A number of Greek ministers on Wednesday pledged to fully support efforts to restore the Celebi Sultan Mehmed Mosque in Didimoteicho, also known as the Bayezid Mosque, which was severely damaged in a fire that broke out in the early hours of Wednesday.

Government spokesman Dimitris Tzanakopoulos said it was a very sad event and that the government "has an obligation and we have pledged that we will proceed with the repair of the monument." Greek authorities were now investigating to discover the cause of the fire and those responsible, he added.
Education Minister Costas Gavroglou also offered his full support to the culture ministry, noting that the Bayezid Mosque was a "most important religious monument for our country and culture."
"The destruction it has suffered due to the fire is a blow," Gavroglou said, noting that he had contacted the heads of Greece's top universities, asking them to support the culture ministry's efforts. He also stressed the need to discover what caused the fire in a very important religious monument undergoing restoration work.

A team of culture ministry staff headed by culture ministry general secretary Maria Andreadi-Vlazaki, sent by Culture Minister Lydia Koniordou, arrived in Didimoteicho on Wednesday morning to inspect the damage after the fire was extinguished. Koniordou is currently on a visit to Jerusalem.
According to a culture ministry announcement, the team will ensure that the necessary emergency action to protect and preserve the mosque is taken while the investigation into the fire is underway.
The ministry's announcement noted that the historic mosque, started in 1402 AD by Sultan Bayezid but finally completed in 1420 AD under Sultan Mehmet I, had been one of its top priorities and that the restoration work on its roof had been included in the projects given EU funding.
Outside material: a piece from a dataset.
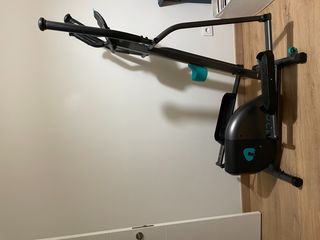 Bicicleta elíptica Decatlhon con rueda de inercia de 6 Kg, longitud de zancada de 33 cm. Incluye 5 funciones: calorías quemadas, distancia recorrida, tiempo de entrenamiento, velocidad y frecuencia cardíaca a través de los sensores situados en el manillar. 7 programas integrados, elaborados en colaboración con nuestros entrenadores, para acompañarte en tus entrenamientos. Practicamente nueva, muy fácil de transportar y montar, no ocupa demasiado. Ruedas en su parte delantera para moverla con mayor facilidad. Peso del producto 34 kg Peso máximo del usuario: 100 kg.

Prior to the fire, complete studies of its structure, archaeological investigation and the construction of a protective shelter had been completed, the announcement said.

"..Having ensured a full record and the archaeological documentation of the monument, the culture ministry is determined and in every way prepared to fully restore the Mosque and hand it over to the local community and beyond in the best possible way, considering it a very important part of our country's cultural wealth," the announcement said.

Talking to the ANA radio station 'Praktorio 104.9' in Thessaloniki, Andreadi-Vlazaki also stressed that the ministry had all the information needed in order to fully restore the mosque.
The 15th-century mosque, possibly the oldest in Europe, is considered by Greek officials as one of the most important Muslim monuments in all of Europe and has been protected since 1946. Its pyramid-shaped oak roof dates to the late 15th century and replaced the original dome, which collapsed soon after construction.

According to experts on Ottoman architecture in Greece, the oak roof destroyed in Wednesday's fire was "one of the most important wooden monuments in the world" and work to restore this had been underway since 2010, using both EU and national funding.